Stochastic and robust model predictive control (SMPC and RMPC) [1,2] have shown strong potential in the control of grid-interactive efficient buildings, due to their ability to account for uncertain and dynamic exogenous disturbances such as ambient temperature, internal heat gains from occupancy, and plug loads. Designing SMPC/RMPC systems that remain robust under rare or extreme disturbances requires access to diverse and representative disturbance scenarios. However, current practice often relies on handcrafted scenarios or simple generative models (e.g., Gaussian process and measurement noise), which fail to capture the complexity and diversity of real-world building operations – potentially leading to over-conservative or unrepresentative control strategies.

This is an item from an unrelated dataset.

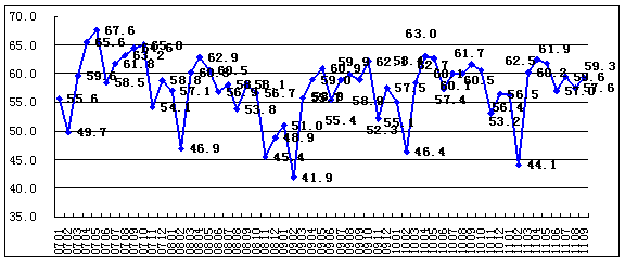 2011年9月,中國(guó)物流與采購(gòu)聯(lián)合會(huì)(CFLP)發(fā)布的中國(guó)非制造業(yè)商務(wù)活動(dòng)指數(shù)為59.3%,比上月上升1.7個(gè)百分點(diǎn)。本月中國(guó)非制造業(yè)PMI各單項(xiàng)指數(shù)中,存貨指數(shù)較上月上升,收費(fèi)價(jià)格指數(shù)較上月持平,其余各指數(shù)的環(huán)比均呈現(xiàn)不同程度回落。

To address this gap, we propose a new framework that formulates the discovery of diverse disturbance scenarios as a combinatorial multi-armed bandit (CMAB) problem [3] (an extension of the classical multi-arm bandit problem [4]). In this formulation, each “super arm” (i.e., subset of base arms) corresponds to a set of disturbance scenarios selected from historical or synthetic data. A diversity-based reward is defined using pairwise Dynamic Time Warping (DTW) distances [5] between simulation trajectories, and the Combinatorial Upper Confidence Bound (CUCB) algorithm is used to maximize this reward over repeated rounds of simulation. This enables the automatic selection of scenario sets that induce maximally diverse building control responses.
To enhance diversity in scenarios beyond what is available in measured datasets, we integrate a time-series diffusion model, Diffusion-TS [6], trained on multi-year disturbance data from a multi-zone office building in Japan. The generative model enables sampling of realistic yet novel disturbance trajectories, thereby expanding the search space for the CUCB algorithm. Our computational experiments show that the proposed framework identifies high-diversity disturbance sets more effectively than greedy baselines, and that the inclusion of synthetic data further improves performance. This hybrid CMAB-diffusion approach provides a scalable and flexible way to generate robust training scenarios for advanced building control strategies.
References:
[1] Pippia, T., Lago, J., De Coninck, R., & De Schutter, B. (2021). Scenario-based nonlinear model predictive control for building heating systems. Energy and Buildings, 247, 111108.
[2] Gao, Y., Miyata, S., & Akashi, Y. (2023). Energy saving and indoor temperature control for an office building using tube-based robust model predictive control. Applied Energy, 341, 121106.
[3] Chen, W., Wang, Y., & Yuan, Y. (2013, February). Combinatorial multi-armed bandit: General framework and applications. In International conference on machine learning (pp. 151-159). PMLR.
[4] Lattimore, T., & Szepesvári, C. (2020). Bandit algorithms. Cambridge University Press.
[5] Müller, M. (2007). Dynamic time warping. Information retrieval for music and motion, 69-84.
[6] Yuan, X., & Qiao, Y. (2024). Diffusion-TS: Interpretable diffusion for general time series generation. arXiv preprint arXiv:2403.01742.